Eppure a simili notizie finora sul sito del Comune di Mogliano era stato dato rilievo attraverso la sezione “News” (un esempio per tutti: il bando per il nuovo cda proprio di molius, clicca qui).
In questo caso, invece, non è apparso nulla. Clicca qui per visualizzare uno screenshot delle news del sito del Comune tra il 12 aprile e il 4 maggio: si tratta dell’intero periodo contenente la “procedura comparativa”, in cui l’annuncio avrebbe dovuto/potuto essere dato in bella vista. Ma non è accaduto.
Forse perché non era proprio una notizia di cui andare orgogliosi? O forse perché si voleva tenere la procedura comparativa… il meno comparativa possibile?
Fate voi.
In ogni caso che qualcun altro, oltre a chi già sapeva, potesse partecipare a quella procedura comparativa era estremamente improbabile.
Sarebbe davvero interessante sapere quante persone hanno inviato il proprio curriculum. Ho il dubbio che non l’abbia fatto nessuno, eccetto il vincitore, perché nessuno si era accorto del bando pubblicato così in sordina.
Così, sorpresa delle sorprese, il 12 maggio è stato dichiarato “idoneo al conferimento dell’incarico il sig. Gianfranco Vergani” (clicca qui). Proprio lui, l’ex direttore responsabile della rivista che ha così tanto contribuito alla propaganda elettorale del sindaco Azzolini. Una mera casualità, naturalmente…
Nulla di personale contro Vergani, sia chiaro. Lo conosco come persona educata e cordiale.
Quel che dico, però, è questo: ma vi pare normale (lo so, sono sempre le solite cose, ma che volete farci? dobbiamo star zitti?), in un periodo di crisi, in cui si taglia il tagliabile, in cui si riducono i servizi essenziali, in cui la gente rimane senza lavoro, che il sindaco Azzolini continui a creare posti su posti per i suoi sostenitori politici, pagandoli con i nostri soldi, con i soldi che dovrebbero essere spesi per la città?

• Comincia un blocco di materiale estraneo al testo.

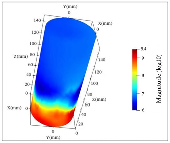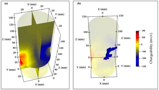 Figure 15 illustrates the inversion results of the resistivity magnitude. Based on the impedance data, the chargeability [38] results can be calculated, as shown in Figure 16. It can be observed that both inversion results reflect the locations of cracks in the specimen. We also observe the presence of a red anomaly in Figure 16. Considering that the sample was not subjected to splitting procedures, we speculate that the presence of the red dots may be indicative of internal variations in density, porosity, moisture content, and other factors relative to the surrounding area.
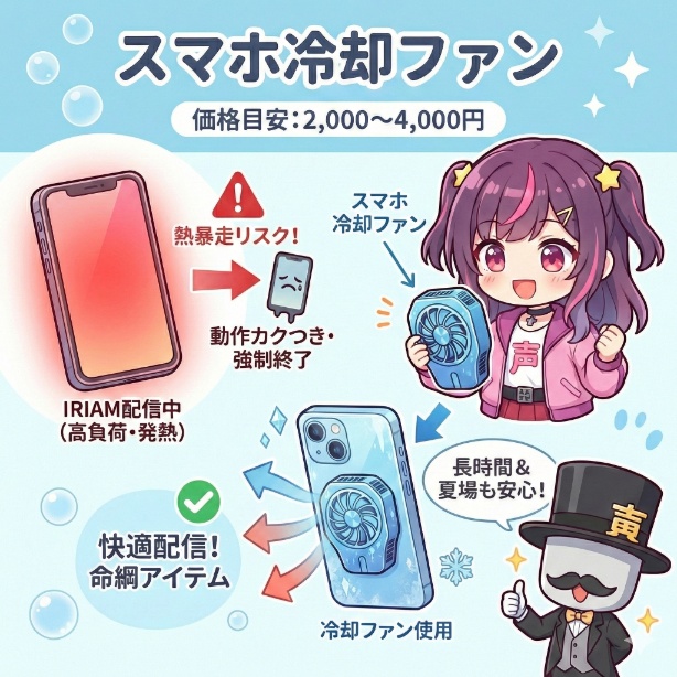 このように、冷却ファンは単にスマホを冷やすだけでなく、大事な配信を「事故」から守るための保険です。

Se poi i suoi sostenitori li mettesse a fare gli spazzini o gli stradini, almeno ne avremmo qualche beneficio. Ma questi sono tutti incarichi che sul benessere e sulla vivibilità della città non hanno nessuna influenza: sottraggono solo risorse vitali a servizi e opere!
E 15.000 euro lì per il nuovo Presidente di Spl. E 5.000 euro là per i nuovi membri del Cda. E 100.000 euro qui per il nuovo dirigente dell’urbanistica. E 120.000 euro qua per il nuovo Direttore Generale. E valanghe di migliaia di euro per le consulenze di qua. E altre decine di migliaia di là. E ora pure 20.000 euro per l’addetto stampa!
Eccoli là, finiti nell’addetto stampa, proprio i 20.000 euro che servivano per gli asili di Zerman e Campocroce e che per ora non si trovano!
I genitori, però, saranno comunque contenti: non importa se le rette mensili per lasciare i bambini all’asilo parrocchiale mentre mamma e papà vanno al lavoro rimarranno alte o saliranno, ora i comunicati stampa del Comune saranno scritti in un ottimo italiano.
Naturalmente se qualcuno vuole replicare o ha qualcosa da dire, siamo qui.